Donoghue raised a hand, using her other to pinch the bridge of her nose, grimacing.


“So. You were arguing over nothing, basically. As per usual.” Her glare left no part of her irritation to the imagination. “Who punched first?”


Both women were suddenly reluctant to speak, their arguments dried up. Donoghue looked from one to the other like a schoolteacher, anger blending with disappointment.


“Who hit first?” she demanded. “Come on!”


“I did,” Dawson muttered reluctantly.


“Of course you did,” Donoghue sighed. “But you threw the second, Petra?”


“I did,” Petra confirmed, sounding far prouder of herself than her counterpart.

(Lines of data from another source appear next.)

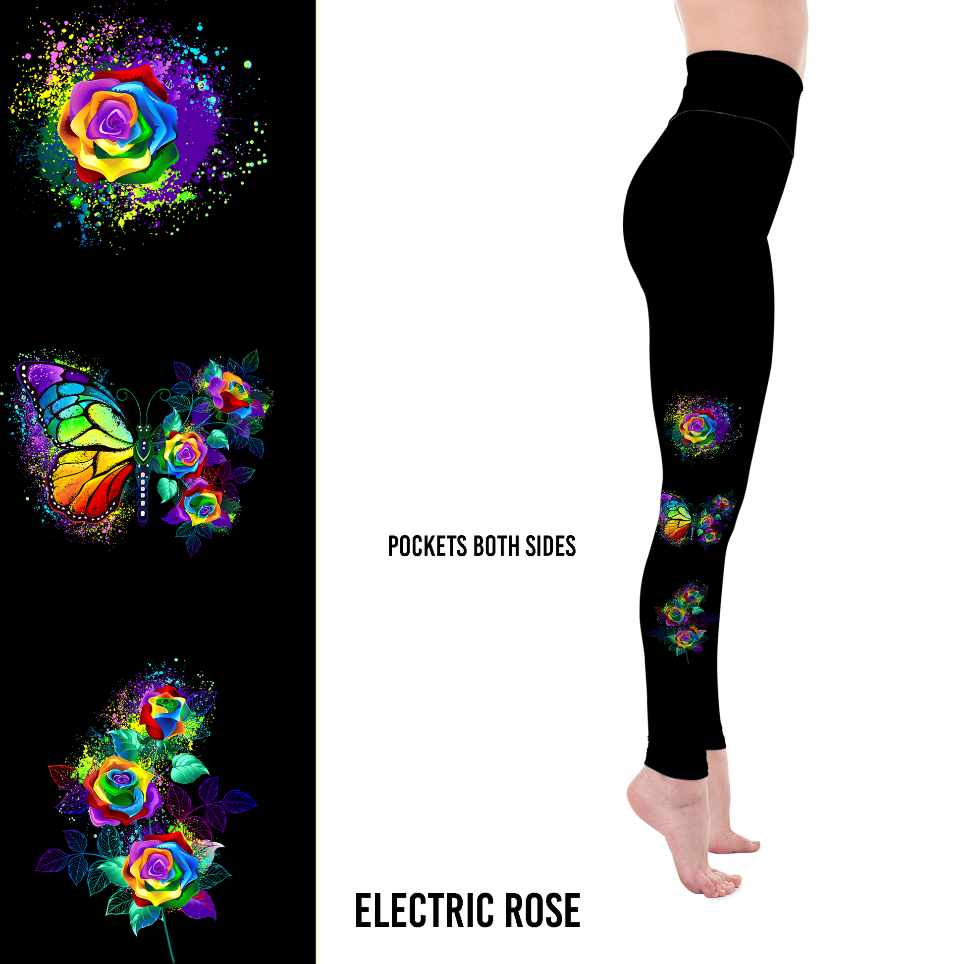Make a bold, artistic statement with these Rainbow Rose & Butterfly Leggings. Set on a sleek black background, the design features vivid, paint-splashed rainbow roses paired with a radiant butterfly for a striking blend of color and motion. Each element pops with neon-inspired hues, creating a luminous, gallery-worthy look that’s both expressive and elegant.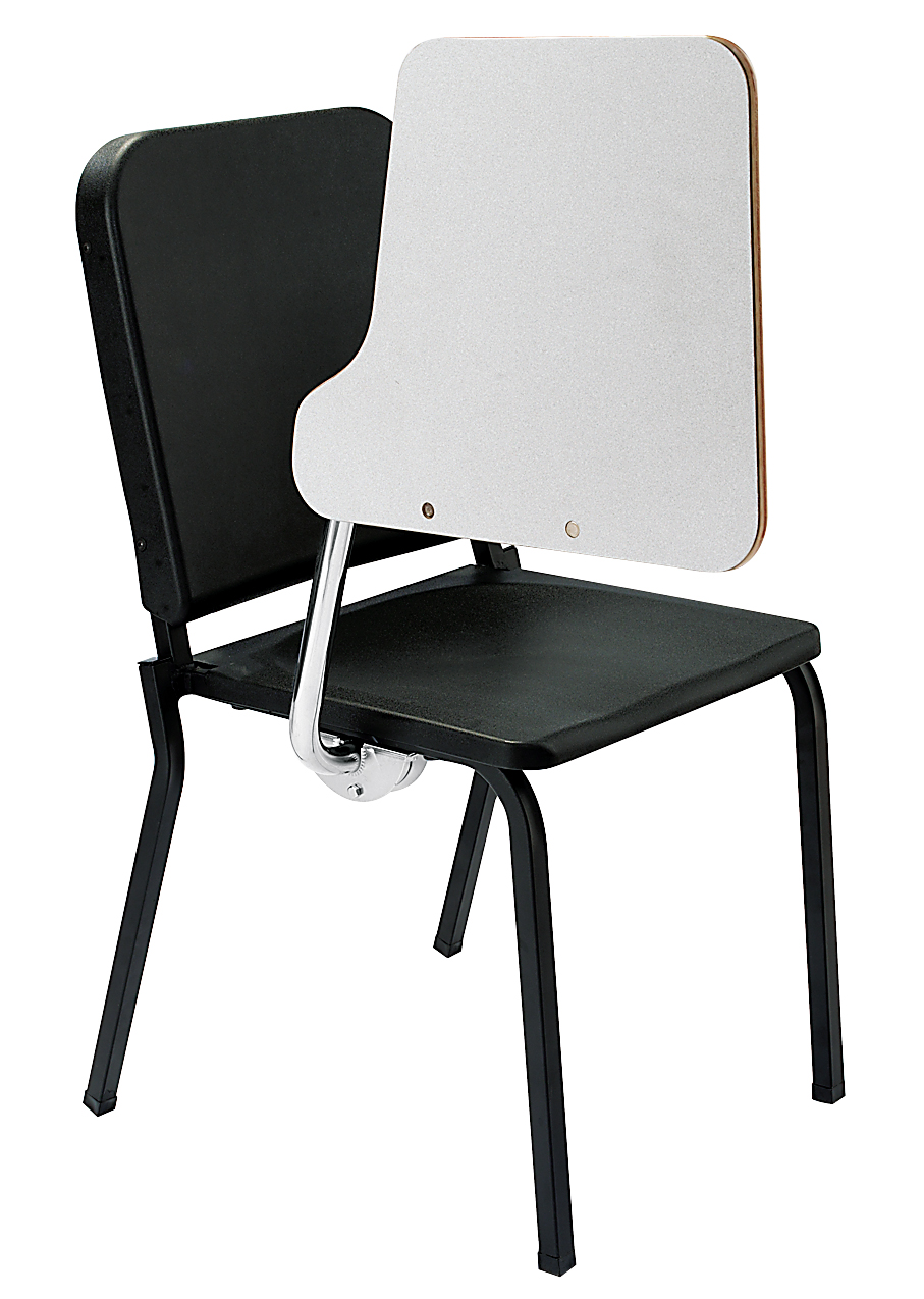 Removable left Tablet Arm for the 8200 Series Melody stack chair. Grey nebula laminate surface with plywood core conveniently flips up and folds neatly behind the chair.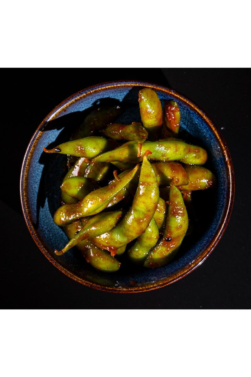 Edamame, kimchi saus. Inneholder: Soya, sennep, hvete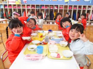 朝の自主活動や給食など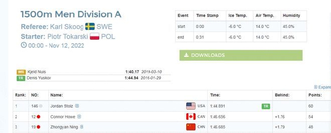 2022-23赛季速度滑冰世界杯首站比赛11月11日在挪威拉开帷幕,首日争夺中国选手宁忠岩夺得男子1500米铜牌,女子500米金京珠和张丽娜分列第14和18,韩梅排在女子3000米第13,男子团体追逐赛中国队获得第七。

“Then you’re both fucking stupid,” Donoghue snapped. She turned to pace a little, back and forth, fists clenched tightly, anger still plain on her face. “The war is over. And yeah, we all know how that’s likely to go, but right now it really is over. And we’re stuck together, for better or mostly worse. None of us want to be here, but we are, and while we are the least you can do is to stop trying to kill each other for the hell of it!” She was red with rage, Petra and Dawson both looking away, flushed themselves with embarrassment.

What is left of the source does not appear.